TL;DR use std::llroundl, assuming the initial value is smaller than 2^64. If it is bigger, then it wouldn't fit anyway, so up to you to decide what to do with it.
IEEE 754 floating point numbers can represent any integer up to a certain point. If you convert an integer to such a number, and then back to the same integral type, you'll get the exact same value back as long as the integer is not larger than the representable limit.
For double precision numbers, as explained in this answer, that's 2^53, which is big enough for all 32 bit integers. We can apply the same general formula for for quad precision numbers, and get 2^113, which is big enough for all 64 bit integers.
So, if long double on your implementation is a quad precision number, and unsigned long long is a 64 bit integer, then you can safely do the roundtrip:
unsigned long long i = /* a very big value */;
long double d = i; // safe because it's a widening conversion
assert(static_cast<unsigned long long>(d) == i); // should pass
Now, if you don't have an integer in that long double, then of course there'll be some loss, because that fraction will have to be cut. If you round the number first, you'll end up with an integer, and that is representable, so no loss (assuming it's not bigger than 2^113), but of course you'll still end up with a different number than the one you started with before the rounding.

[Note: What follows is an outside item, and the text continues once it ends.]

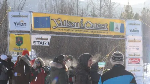 A crowd gathered near the starting line waiting for the first musher to start this year's Yukon Quest. Photo Courtesy of Macklen Linke/CKRW.
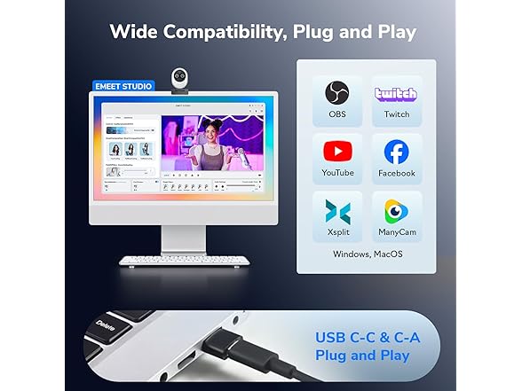 - Functional Harmony, Broad Compatibility - Compatible with Windows and MacOS, Piko+ webcam with microphone integrates seamlessly with OBS, Twitch, YouTube, and etc, delivering a smooth experience across platforms. It supports USB C-C & C-A with an included adapter for flexible connectivity, ensuring seamless use across laptops, desktops, and streaming setup. It adapts easily to beauty, gaming, and singing livestreams, remote work, online teaching, stylish desk setups, or as a high-aesthetic gift.

long double d = /* a very big value */;
unsigned long long i = static_cast<unsigned long long>(std::roundl(d));
Or you can avoid the cast altogether by using std::llroundl:
long double d = /* a very big value */;
unsigned long long i = std::llroundl(d);
Although you'll need to be careful about negative numbers (but that's easy to check beforehand).
All of this assumes that your long double is never bigger than 2^64, but if it were, then you wouldn't be able to fit it into the unsigned long long anyway.